Сначала мы увидели большую рыбу-меч. Она неслась у самой поверхности воды прямо на наш плот. Между передним и задним плавниками, торчавшими острыми треугольниками из воды, было не менее двух метров, к этому следовало добавить меч почти такой же длины. Немного не дойдя до нашего кормового весла, рыба-меч сделала крутой вираж и исчезла в волнах. За обедом, сильно разбавленным морской водой, мы вдруг увидели перед самым носом у себя высокую конусообразную волну, на которой пристроилась большая морская черепаха; она широко растопырила все четыре плавника и высунула из панцыря голову на длинной шее. Затем волна распалась на две части, и черепаха исчезла так же неожиданно, как появилась. И на этот раз вода кишела любительницами черепашьего мяса — золотыми макрелями.

Мы вошли в область, где особенно часто попадались крохотные летучие рыбки в дюйм величиной; они взлетали в воздух целыми стаями и то и дело приземлялись на плоту. Время от времени проносились морские птицы, делая круг над плотом, — чаще всего это были фрегаты с раздвоенными, как у ласточки, хвостами. Появление фрегата многие считают признаком близости суши, и настроение членов экипажа заметно поднялось.

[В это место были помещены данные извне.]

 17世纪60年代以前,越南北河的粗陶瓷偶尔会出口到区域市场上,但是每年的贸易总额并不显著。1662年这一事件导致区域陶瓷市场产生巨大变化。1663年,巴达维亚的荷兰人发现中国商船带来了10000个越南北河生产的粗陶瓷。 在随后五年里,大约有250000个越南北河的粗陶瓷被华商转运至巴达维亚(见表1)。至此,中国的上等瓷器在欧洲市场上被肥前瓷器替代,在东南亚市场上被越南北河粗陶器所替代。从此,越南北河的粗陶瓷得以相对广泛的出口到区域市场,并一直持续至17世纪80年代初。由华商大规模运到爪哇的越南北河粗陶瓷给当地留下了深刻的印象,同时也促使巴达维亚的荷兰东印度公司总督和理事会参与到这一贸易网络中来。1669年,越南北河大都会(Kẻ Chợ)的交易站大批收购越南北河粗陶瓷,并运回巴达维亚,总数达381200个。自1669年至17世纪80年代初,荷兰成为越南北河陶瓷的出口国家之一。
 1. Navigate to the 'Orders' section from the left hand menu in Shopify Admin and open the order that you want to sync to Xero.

— Кто знает, — мечтали они, — может быть, и в самом деле мы обнаружим в океане скалистый утес или песчаную отмель.

Кто-то высказал даже такое оптимистическое предположение:

— А что если мы обнаружим настоящий зеленый островок — ведь здесь мало кто побывал до нас! И назовем открытую нами землю — остров Кон-Тики!

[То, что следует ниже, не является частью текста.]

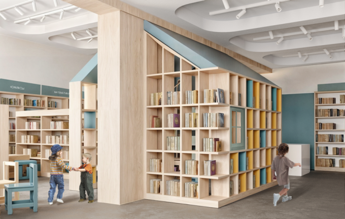 На иллюстрациях: проект победитель — библиотека им. С.В. Михалкова в Сестрорецке. (Кристина Гриненко, Асаль Маликова, Грета Манукян, куратор проекта ー доцент Института дизайна пространственной среды СПбГУПТД Ирена Львовна Зорина). Поздравляем куратора команды — победителя, желаем дальнейших творческих успехов!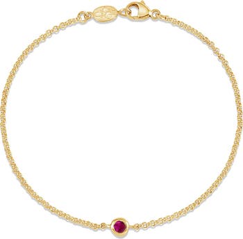 Perfect for day or night, this sterling silver Dewdrop chain bracelet features a single ruby encased in a dainty nugget setting, with an 18ct yellow gold vermeil finish. Fasten securely with our signature quatrefoil lobster catch and wear alone or stack with other bracelets for a layered look. Complete your outfit with a stack of our matching Twinkle rings.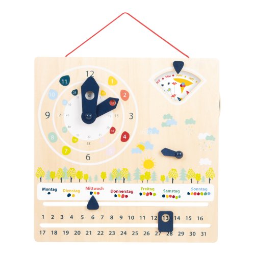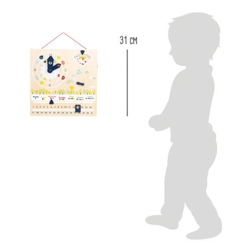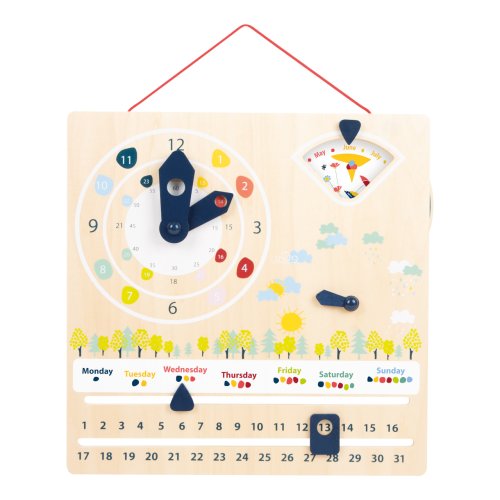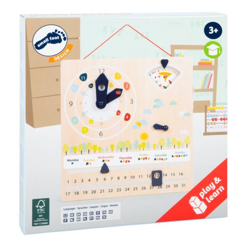 Barevná tabule od výrobce Small Foot z řady dřevěných hraček, které podporují rozvoj dítěte. Kalendář nebo hodiny? Obojí! Tyto učební hodiny vyrobené ze dřeva podporují děti, aby se naučily poznávat čas ve 12hodinových a 24hodinových časových systémech a zároveň hravě předávaly znalosti o počasí, dnech v týdnu, měsících a ročních obdobích s pomocí jednoduchých ilustrací.

Начиная с полудня, Эрик всё чаще забирался с секстантом на кухонный ящик и щурился на солнце. В 18.20 он определил, что наши координаты — 6°42' южной широты и 99°42' западной долготы. Таким образом, мы находились в одной морской миле на восток от предполагаемого острова. Немедленно был спущен парус. Восточный ветер должен был мало-помалу пригнать нас прямо к искомой точке. Но вот солнце свалилось за горизонт и засияла полная луна, осветив неровную поверхность моря, переливавшуюся серебром от края и до края. Видимость с мачты была превосходной. Во все стороны тянулись длинные гребни волн, но нигде не было видно прибоя, который говорил бы о наличии мели или рифа. Никто не хотел ложиться, все пристально наблюдали за горизонтом. На мачте торчало сразу по двое, по трое взволнованных наблюдателей. Медленно проплывая над предполагавшимся местом нахождения суши, мы непрерывно измеряли глубину. Все имевшиеся на борту свинцовые грузила были привязаны к концу прочного, в пятьдесят четыре нитки, 800 -метрового шелкового тросика, — и даже с учетом отклонения от вертикали из-за сноса он достигал глубины не менее 600 метров. Но дна мы так нигде и не достали, ни к востоку от намеченной точки, ни в ней самой, ни к западу от нее. Тщательно оглядев еще раз напоследок поверхность моря, мы окончательно удостоверились, что можно считать район обследованным и свободным от каких-либо мелей. Можно было поднимать парус и ложиться на прежний курс. Плот снова двинулся своим естественным ходом, подставляя корму волнам и пропуская их сквозь щели между бревнами. Мы могли спать в сухой постели и есть суп без примеси морской воды, хотя пассат на несколько дней опять возобновил свою игру, перебегая с оста к зюйд-осту и обратно и нагоняя высокие волны.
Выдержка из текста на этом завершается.